Overigens zou men het pathologische discours niet kunnen hanteren voor Hitler, omdat we dan juist het probleem uit de weg gaan. Mensen doen niet zomaar wat in hen opkomt, gedetermineerd door hun biologische gesteldheid. Met Susan Neiman ben ik de mening toegedaan dat men op zeker ogenblik toch moet oordelen, niet enkel over de intenties, maar ook over de wijze waarop we een doel willen bereiken. Het kan aannemelijk gemaakt worden dat we als mensen in een situatie komen voorbij goed en kwaad, maar hoe dat leefbaar zou zijn voor wie niet bereid is steeds weer de smalle brug tussen ons door driften bepaalde wezen en een wezen dat zich volkomen mens weet proberen oversteken.
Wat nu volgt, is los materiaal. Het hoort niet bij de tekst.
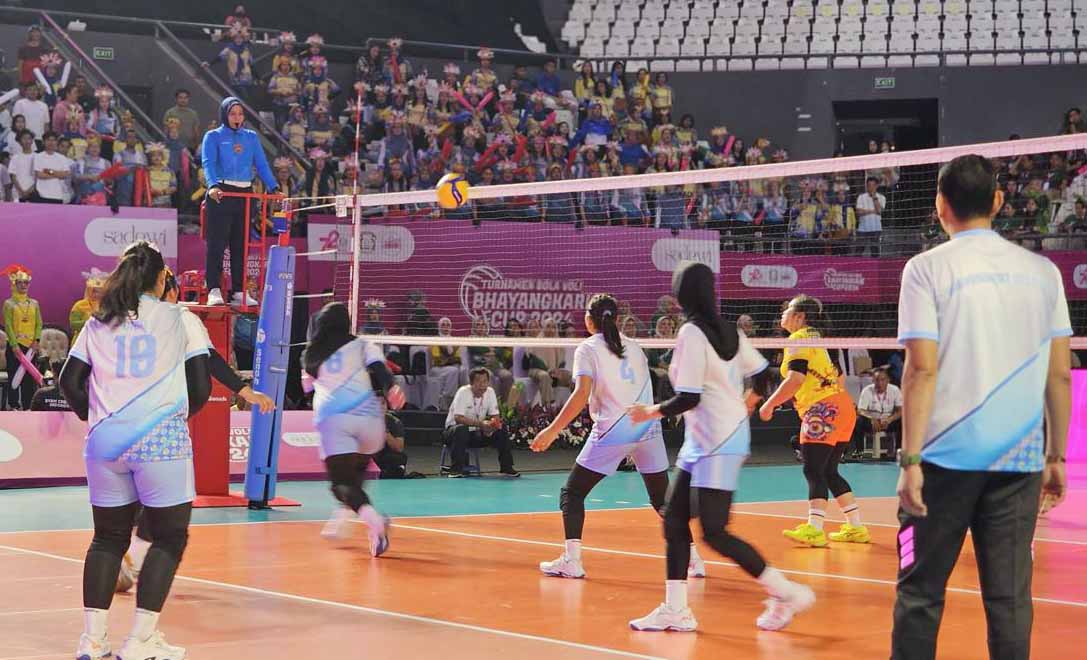 TIM bola voli Bhayangkari Kepolisian Daerah (Polda) Sulawesi Tengah, mengalahkan Bhayangkari Lampung 2-0 di Stadion Indoor Gelora Bung Karno, Jakarta, Sabtu (7/9/2024). Ini langkah baik mereka mengawali pertandingan 16 besar bola voli Bhayangkari Cup 2024.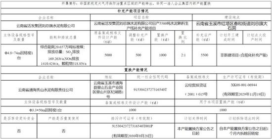 根據(jù)公示,云南省活發(fā)集團(tuán)劉總旗水泥有限公司日產(chǎn)5500噸水泥熟料生產(chǎn)線原備案或核準(zhǔn)文件設(shè)計(jì)產(chǎn)能5000t/d,調(diào)整補(bǔ)充產(chǎn)能500t/d,置換產(chǎn)能 t/d,置換比例為2:1。云南省通海秀山水泥有限責(zé)任公司一條1000t/d水泥熟料線用于本項(xiàng)目置換產(chǎn)能,該生產(chǎn)線計(jì)劃自本產(chǎn)能置換方案公告之日起1個(gè)月內(nèi)拆除回轉(zhuǎn)窯。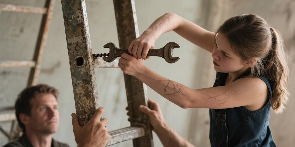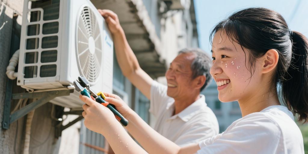 有一次,舊扳手卡在銹死的螺絲上,她咬牙用力,手臂青筋微現。那股韌勁就跟她啃下數學最后一道壓軸題時的專注神情一樣。悶熱的室內,她書架上密密排列的習題冊與褪色的獎狀,默默見證著每個深夜伏案的背影。父親用布滿老繭的手撐起她讀書的燈,如今女兒以這沉默的汗水回應。她托舉的何止是笨重的鐵殼呀?那是父親被歲月壓彎的脊梁,是他長年累月奔波勞碌后無聲的疲憊。父親在下面托穩梯子,仿佛托舉著女兒的未來;女兒在上面穩住外機,仿佛托舉著父親的辛勞。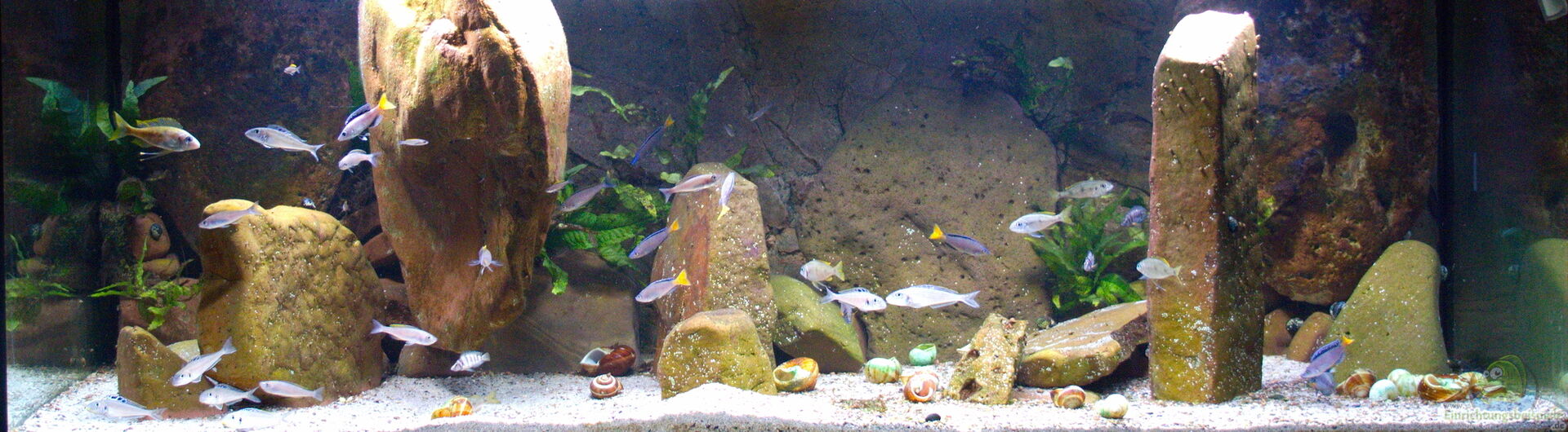 Standardbecken der Firma Aquarienkontor aus Haltern am See - Glasstärke 12 mm, Front- und Seitenscheiben aus Wei??glas - Unterbau aus Aluminiumprofilen mit Scherwänden aus 15mm starken Siebdruckplatten - Eingeklebte Back to nature Slimline Red Gneis Rückwand. Ziel des Projekts war es, steile Felswände (Rückwand und hängende Felsmodule) als Lebensraum für Cyprichromis sowie eine durch stehende Felsen gut gegliederte (Reviergrenzen), sandreiche ??bergangszone nachzubilden, in der sich [...]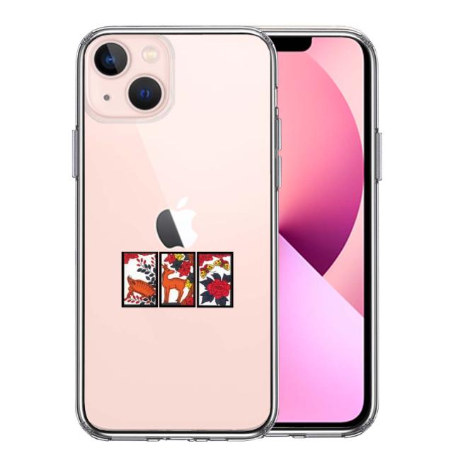 iPhone13mini ケース クリア花札 猪鹿蝶 スマホケース 側面ソフト 背面ハード ハイブリッド 送料無料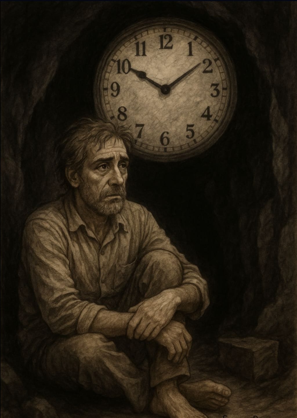 Time inside the cave was immeasurable. There wasn't even an image of a clock like the one shown in the picture. He would eat, drink, and sleep as /when he was hungry/drowsy. At first, he tried to become accustomed to the new daily routine outside. But gradually, his sense of time began to alter. Hours felt like minutes. Days froze together. Was it day? Night? How many hours had passed? He had no idea.
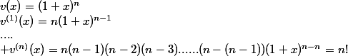 =(1+x)^{n}\\v^{(1)}(x)=n(1+x)^{n-1}\\....\\ v^{(n)}(x)=n(n-1)(n-2)(n-3)......(n-(n-1))(1+x)^{n-n}=n!)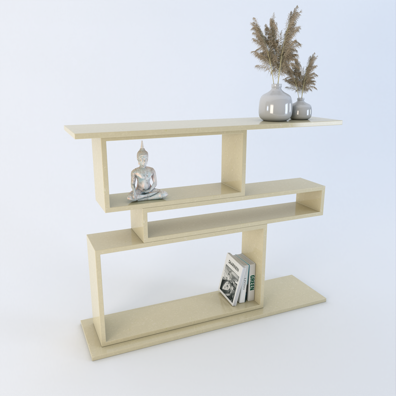 The Piazza console uses offset rectangles to make a gravity defying piece that is ideal for both modern and contemporary entrances and hallways.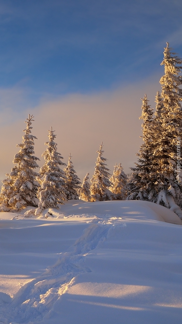 Edytor tapety: Ośnieżone świerki o wschodzie słońca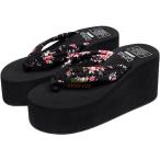 レディース スリッパ ビーチサンダル 厚底 ウェッジソール 総柄ストラップ 疲れない クッション性 カジュアル 8.5cmヒール 美脚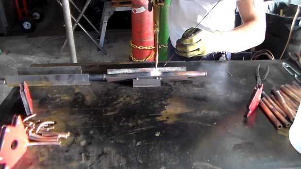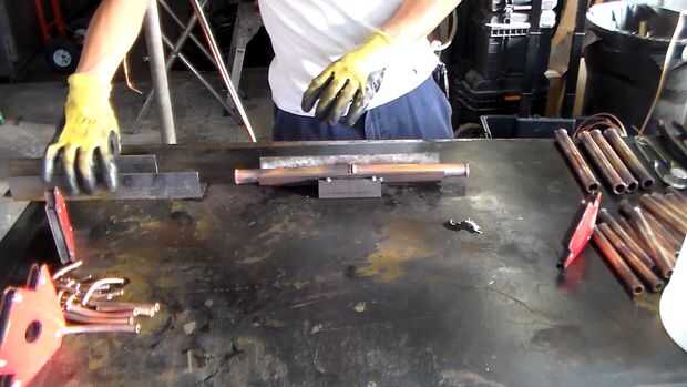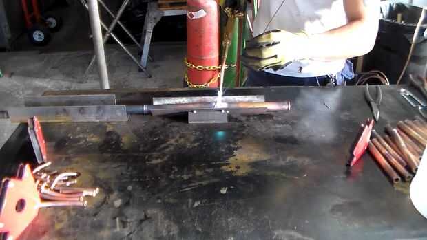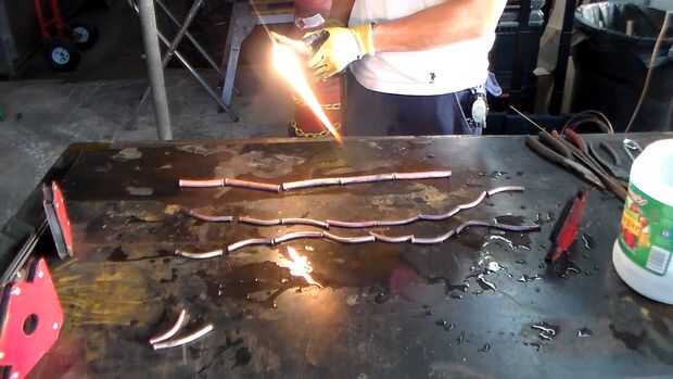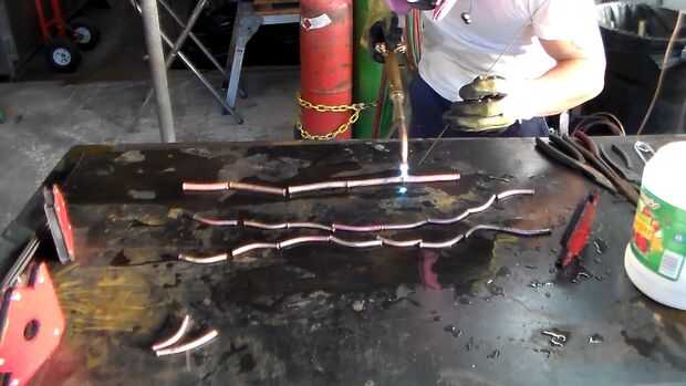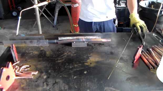 Calentar la junta con un soplete de oxiacetileno y soldar la junta con varilla de latón. Gire el tubo y continuar hasta la articulación es soldar un completo 360°. Una vez que esta junta, deslícelo sobre y empezar de nuevo con una nueva pieza. Desea hacer esto hasta que las secciones son de 3 pies o más.

Bedenken we hierbij dat we als mensen fataal onvolkomen zijn, want niet volkomen gedetermineerd.
Onze menselijkheid erkennen
De vraag hoe we met het kwaad omspringen, zoals we nu wel gedwongen zijn te doen, omdat we nu eenmaal met een uiting van dat kwade geconfronteerd worden, kan men niet oplossen door te stellen dat die man een eigen logica zou gevolgd hebben. Wellicht was hij van God en de wereld los, maar dat maakt niet dat hij geen mens meer zou zijn, want dat zou in dit geval impliceren dat we de daad niet hoeven te beoordelen. En dat is precies wat wel moet gebeuren. Meeleven met de slachtoffers en hun familie doen we vanzelfsprekend, maar de vraag wat we met de dader aanvangen is een andere probleem.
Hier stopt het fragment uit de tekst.